Reference News Network reported on January 8th From January 7th to 8th, China and the United States launched the first round of interviews after the truce. The outside world expects the two major economies in the world to make progress in a series of related consultations to cool down the global market. In fact, public opinion has observed a sharp increase in market risk since the United States provoked a trade war on a global scale. Nowadays, the phenomenon of high global risk aversion is becoming more and more apparent.
In recent days, the international exchange market has shown a comparison of the dollar volatility and the yen arrogance. Outside the media, many safe-haven funds began to use the yen as a safe haven. The recent performance of the yen is particularly active. The yen broke through the consolidation range since the fourth quarter of the year before the end of last year, and once more than 3%. Even if the yen's gains converge, but given the current pessimistic view of the market, with the support of risk aversion, it is expected that the yen will continue to rise. Some analysts believe that in this context, Japan is waiting. Reuters reported on the 6th that Japanese Prime Minister Shinzo Abe said that the Japanese government will closely monitor the potential risks of the global economic recovery while guiding the policy.
At the same time as the yen has risen sharply, there is also a large amount of safe-haven funds pouring into the gold market. The S&P Goldman Sachs Gold ER Index, which has seen changes in New York gold futures, recently rose 1.07%, and the gold futures contract in February was closed at $1294.8.

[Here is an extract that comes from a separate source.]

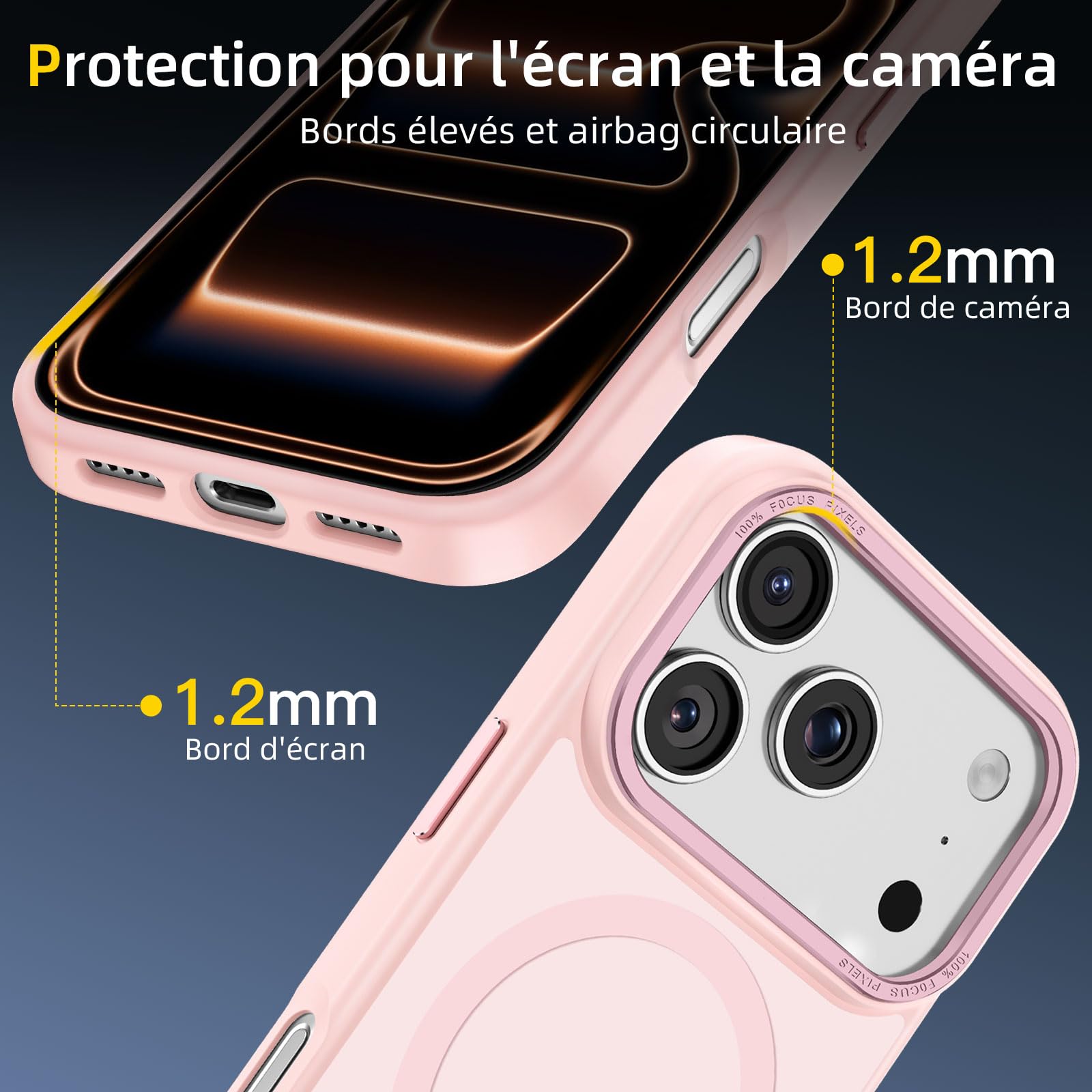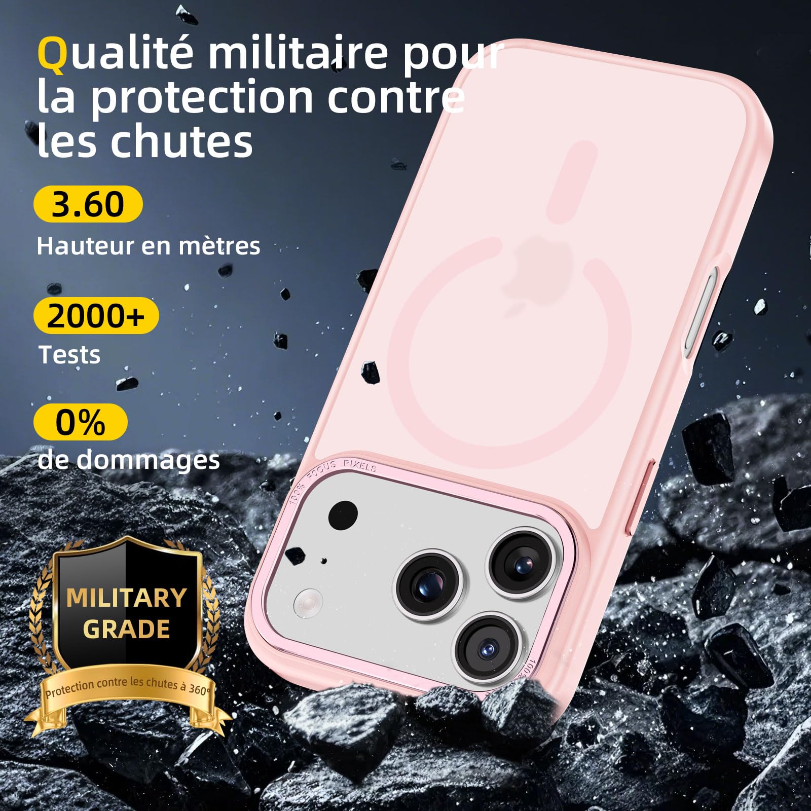 Coque magnétique antichoc pour iPhone 17 Pro Max, compatible MagSafe, avec protection militaire et finition rose.

There is a view that the increase in global risk aversion reflects from one side, and the current international market risk is increasing. Sun Lipeng, a scholar at the China Institute of Contemporary International Relations, said in an interview with Reference News that the increase in global market risk was caused by multiple factors. First, global trade frictions have intensified the pessimistic expectations of investors. In 2018, the Trump administration went its own way and launched a trade war with the world. The negative damage to itself was gradually emerging. US agricultural and manufacturing sectors were blocked from exporting and traded against other countries. Consumers' living costs have risen, dissatisfaction has warmed up, and the impact on the capital market has not been underestimated. International investment banks have predicted that trade friction is becoming the largest in the US economy. Uncertainty risk. Second, the spillover effect of US financial volatility. As a global economic and financial center, the performance of the US capital market has caused concern among global investors, and all major financial markets in the world have experienced varying degrees of fluctuations. At the same time, concerns about the slowdown in global economic growth have also exacerbated market risks.